Nitro-oxidative stress is an important mechanism of tissue damage in chronic inflammation. NO synthesis can be evaluated indirectly by measuring the end products of NO oxidation: nitrite and nitrate anions. Nitrite can be reduced to NO by hypoxia, tissue acidosis, or by enzymes. These phenomena make serum levels of nitrates indicators of NO production in vivo and important complementary reservoirs of NO in physiological conditions [29].

CIM is used to treat and prevent gastric ulceration. It binds to the heme-iron portion of CYP to inhibit CYP activity. Because of the similarity of structure of iNOS and CYP as well as the post-translational role of CYPIIIA in cytokine-mediated NO synthesis, CIM may block the inflammation-generated production of NO catalyzed by iNOS. In periodontitis, oral rinse solutions of CIM have been shown to enhance the antibacterial functions of crevicular neutrophils [16,17,20].

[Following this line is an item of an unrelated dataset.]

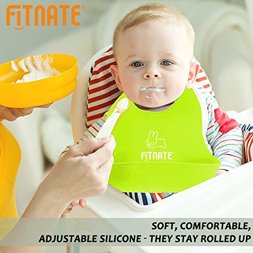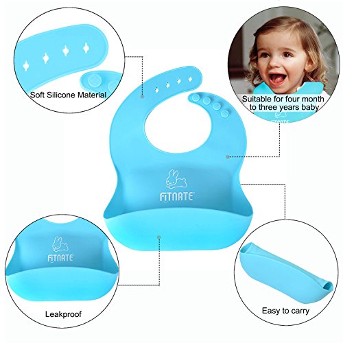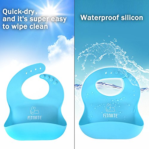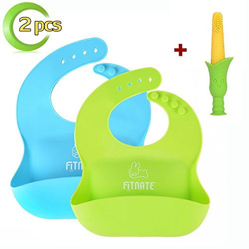 -. Binding : Apparel -. Brand : Fitnate -. EAN : 0757440654576 -. Feature : Make Feeding Easier: Includes 2 Baby Bibs +1 FREE Baby Training Toothbrush. The waterproof soft bid catches almost all of the food that your kids drop down with a wide deep pocket that stays open to catch food and drink spills. Silicone baby bib protects baby clothes perfectly. It definitely makes feeding easier! / Fits Great & Comfortably: The shape is wide around the shoulders with grooves around arms to allow your kids for comfortable movement. With adjustable 4 buttons, the baby bib fits great on kids aged from 4 months to 3 years. / Easy to Clean & Portable: The fast-drying silicone bib doesn't absorb water. This waterproof Baby bib is super easy to wipe clean with soap and sponge. It is flexible enough to roll up easily and toss in a bag without taking up too much space. / Safe & Durable: The soft bit made of food-grade silicone is FDA approved, safe and eco-friendly. It can stand against high temperature of 200℃ and can be stuffed into a bag without losing shape. The free toothbrush is a developmental toy for boys and girls stimulate teeth growth and relieve pain. Good for oral hygiene, use as toothbrush / Save Time, Water & Money: The baby bib effectively saves those cute, tiny baby clothes from falling food with a wide deep pocket design. Less mess and quicker to clean up. It helps saving time, water and money. This waterproof silicone baby bib is also a good present for your family or friends. -. MPN : 4327986959 -. PartNumber : 4327986959 -. ProductGroup : Baby Product -. ProductTypeName : BABY_PRODUCT -. Title : Silicone Baby Bibs, Fitnate Adjustable Waterproof Soft Silicone Baby Bibs, Fast-Drying Bacteria-Resistant Bibs for Babies Toddlers Baby Boy Baby Girl with Baby Teether - 2 Packs (Blue & Green) -. UPC : 757440654576

Non-steroidal antiinflammatory drugs in association with CIM increase anti-inflammatory activities because CIM also has other immunomodulatory effects: stimulation of lymphocyte proliferation; reduction of T-cell activity; inhibition of the antigen–antibody reaction [30]. In the present study, a low dose of CIM could reduce NOx at a comparable level with that seen with NOS inhibitors. Hence, modifying the destructive effect of NO using low-dose CIM might enable periodontal breakdown to be decreased and the periodontium stabilized.

Conclusion

The present study provided evidence for the hypothesis that low-dose CIM has anti-inflammatory activity in a model of periodontitis in rats by reducing nitro-oxidativestress. Our findings suggest that CIM may be a useful adjunctive HMT in conditions associated with periodontitis.